11 agosto 2009

Terminal


Mirándolo a los ojos, con ese decir tan especial, como una niña que promete no pasarle más el dedo al pastel que está en la heladera le dijo adiós desde el andén de la estación
-Nos vemos tal vez la semana que viene-.
Y lo despidió apoyando la palma de la mano en su mejilla y dandole un beso en la boca corto, suave y definitivo.
Bajó las escaleras de la vieja terminal ferroviaria, se acomodó la corbata y levantó la solapa del saco y del sobretodo. Corría un viento muy frío que llegaba del sur y se le metía por el cuello hacía el cuerpo a pesar de todo el abrigo. Le hizo señas a un taxi que pasaba raudo por al calle casi desierta a esa hora, paró un trecho mas adelante y quedó esperándolo, así que tuvo que caminar hasta llegar a el, se tiró en el asiento trasero y le dio la dirección de su casa.

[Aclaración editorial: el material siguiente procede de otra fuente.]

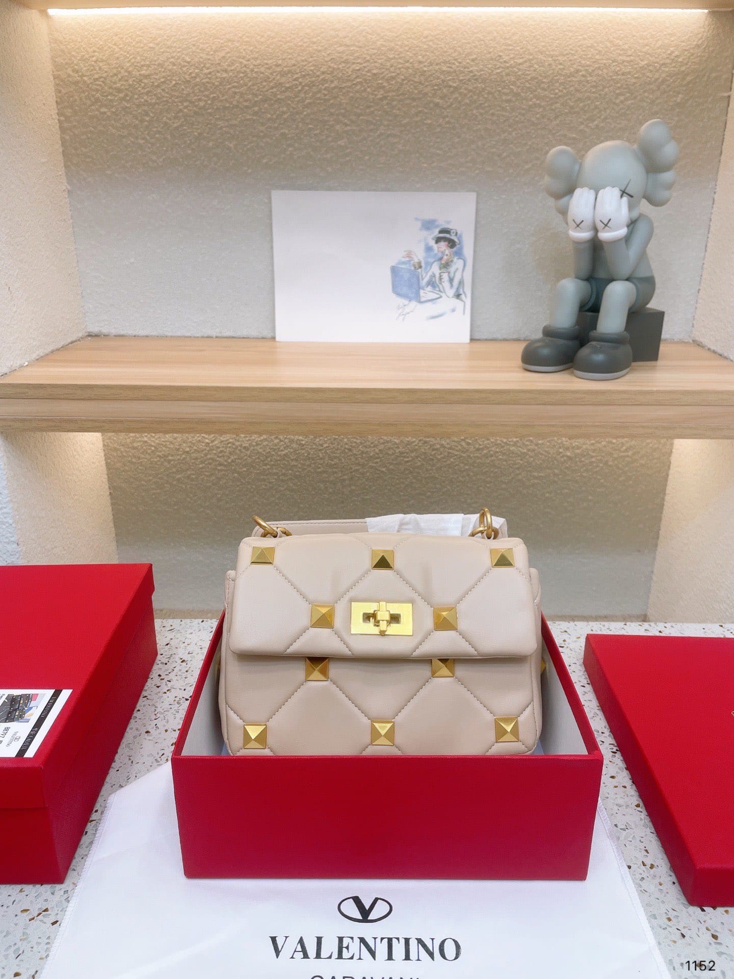Valentino / Garavani Roman Stud Chain-Link Shoulder Bag / Rose Pink

Entró en su departamento se sacó el sobretodo, el saco y se aflojó la corbata, se dirigió a la ventana y miró a la calle totalmente desierta y pensó en ella agitando su mano, yéndose en el tren de las dos y cuarto y prometiendo verse en una semana, tal vez.
Comenzó a llover, sintió un leve temblor y el frío le caló hasta los huesos.